Article and interview with Polly Chandler: Shameless Internet Scammer Cons Austin-Based Photographer Out of Prints and Profits - Feature Shoot


----------



## robbins.photo (Jun 12, 2014)

SoulfulRecover said:


> One of my teachers, Polly Chandler, was recently contacted by a man named Corbett Bonilla stating he was an art collector and wanted to buy some of her limited prints. Everything seemed fine and she even received a check from the man. It turns out that the check was a fake and she got scammed out of her prints and the money. She is pretty devastated by it which is no surprise. Its a horrible thing to do to someone. Other photographers are starting to come forward about being scammed as well by the same man. If you are selling prints of your work, please be aware!!!
> 
> 
> Photographers warned about &#8216;internet scammer&#8217; | Amateur Photographer
> ...



Guess she's not familiar with the notion that "Nothing ships until the check clears."  Something to keep in mind for future transactions.  Just out of curiousity, how much was the check for?  And was it sent in the mail?  Check with your county attorney if the check was local, if it's over a certain $ amount they will press charges.  If the check was mailed, that's a federal beef - mail fraud.  Nasty piece of work, huge fine and possible jail sentence or each count.  So she should see about contacting the federal authorities for that (start with the post office) and see what they can do - she should be realistic, it's not like these cases will be heavily investigated or acted on immediately, but usually people who do this eventually build up enough of a track record that they do finally get caught.


----------



## snerd (Jun 12, 2014)

Yeah, I don't understand anyone in today's Internet age not letting the check clear before shipping or delivering anything. I used to wholesale cheap gift items online, and you wouldn't believe the stuff some crooks will try! One guy sent me a check, I believe about $1500, but it was a personal check. I returned it, informing him that I only took certified checks, as stated on the payment info page. He sent it back a week later.................. same check, but in the memo area he had written Certified Check!! LOL!!!


----------



## Civchic (Jun 13, 2014)

Yeah, I've received a fake check before - and watching over email as the guy slowly loses his mind because I wouldn't ship the item until the check cleared was pretty amusing (I knew it was a fake).  I reported it to the police and gave them all my emails but I'm not sure anything came of it.  I'm sorry that people are still being caught by these lowlifes.


----------



## Overread (Jun 13, 2014)

Yeah always make sure a cheque clears before sending any goods - same as any other form of payment; it must clear into your account before you ship anything. Otherwise you're just trusting an utter stranger and whilst you might have their address chances are its temporary or very far off (many scammers make sure to only scam well outside of their living region).

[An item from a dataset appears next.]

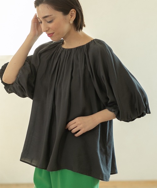 バルーンスリーブが華やかさ溢れるトレンド感たっぷりのブラウス。【デザイン】・ギャザーのふんわりとした自然な立体感が素敵なバルーンデザインのブラウスです。・五分袖丈で重い印象にならない絶妙なボリューム感のバルーンスリーブがポイント。・裾がAラインに広がった後ろ丈が少し長くなっているシルエットなので、ボトムにインでもアウトでもサマになるデザインです。・首元もギャザーたっぷりのフェミニンさがあり、後ろネックラインはスリット開きの一つ釦。・デニムと合わせたカジュアルスタイルも、スカートを合わせてドレスアップスタイルにも着回せるアイテムです。【素材】・微光沢なほんのりシアーの質感と軽さのあるレーヨン/ナイロン素材を使用。・ご家庭での手洗いが可能です。モデル情報:身長166cm B72 W57 H84 着用サイズ:38(M)店舗へのお問い合わせ商品番号:637-88043●製品寸法:38(M):着丈65cm B140cm 裄丈56cm40(L):着丈67cm B143cm 裄丈57cm42(LL):着丈67cm B146cm 裄丈58cm備考: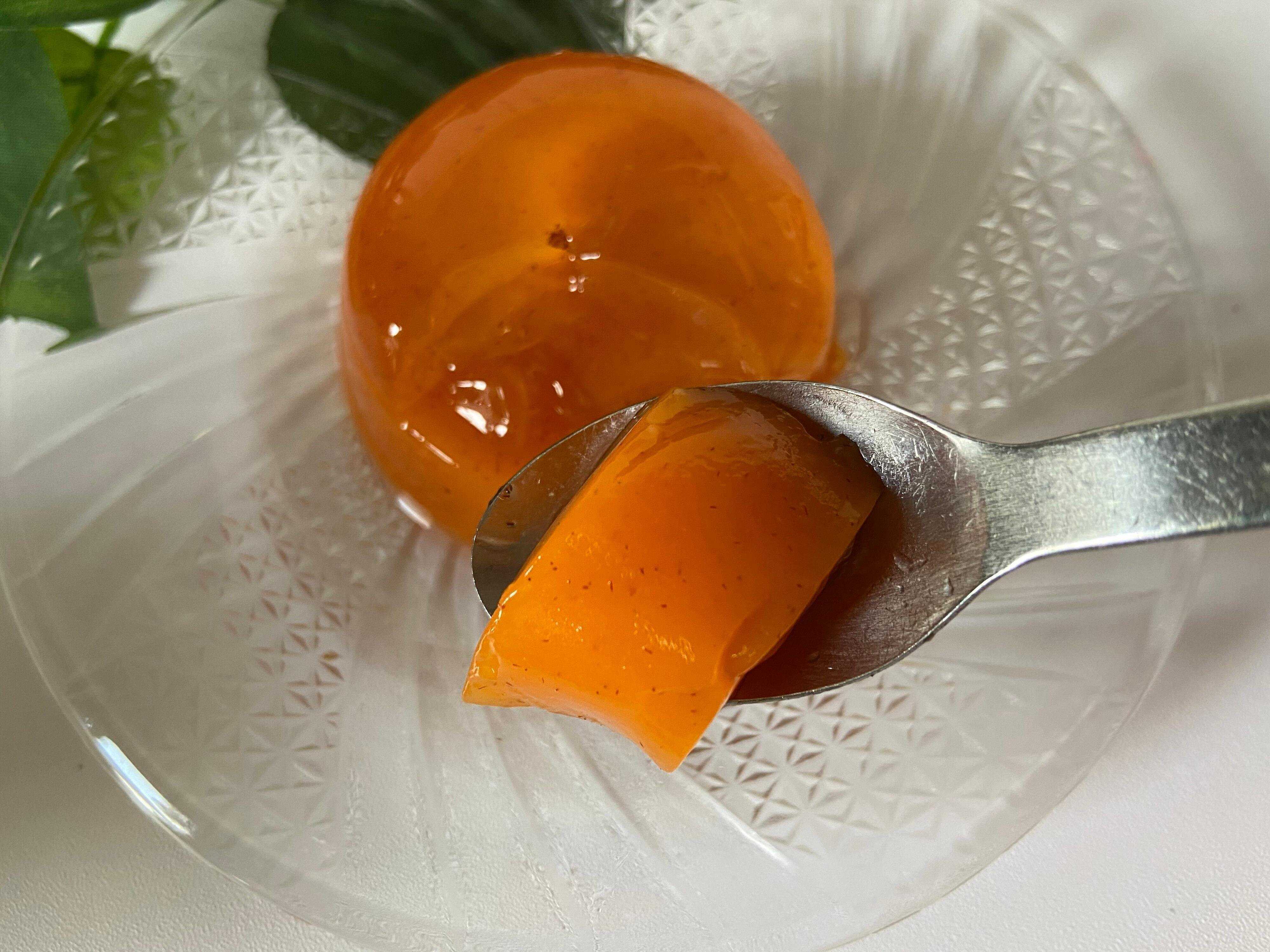 柿とゼリー部分を食べてみました。もっちりぷるぷるの食感でほんのり柿の風味がします。柿はシャキッとした食感。

Similarly if going through services like paypal even though you've got protections make sure to use things like sign on delivery and proof of postage so that they can't just claim "it never arrived" because you've got the signature from the mail services to prove that it did. Insurance is a must have if its valuable as well. 

Other warnings are when they ask you to post to a different address to one listed on their card/payment option/etc... Especially if its clear that the address is a very long way off; or when they change details a lot during the process. Remember you are never forced to trade with someone and you can cancel a trade at any time you want so long as you return any funds you've taken (on that score never return money paid by cheque until its cleared into your bank account. The old "Oh I sent too much please send it back quick I need to pay for something urgent" is a classic scam


----------



## Braineack (Jun 13, 2014)

I don't understand anyone accepting a check in general (and foreign at that matter), let alone paying with one.

And why does she owes the bank $2700 dollar now? I understand overdraft fees, but this suggests she needs to "pay back" the bank, unless that assumes she withdrew against the $2000, which is plain silly. I feel scammed by reading this "story".


----------



## manaheim (Jun 13, 2014)

This is very sad, and I feel for your friend, but this really has nothing to do with photography and everything to do with worldliness... which, unfortunately, strips away innocence.

Follow some very simple rules and you'll be better off for it:

1. Assume everyone is working for their best interests, and not yours.
2. Look at every situation from how someone else might be able to take advantage of you.
3. Research anything new.

It's harsh. It's unpleasant. It's unfortunate.

It's also reality.


----------



## Overread (Jun 13, 2014)

Braineack said:


> I don't understand anyone accepting a check in general, let alone paying with one.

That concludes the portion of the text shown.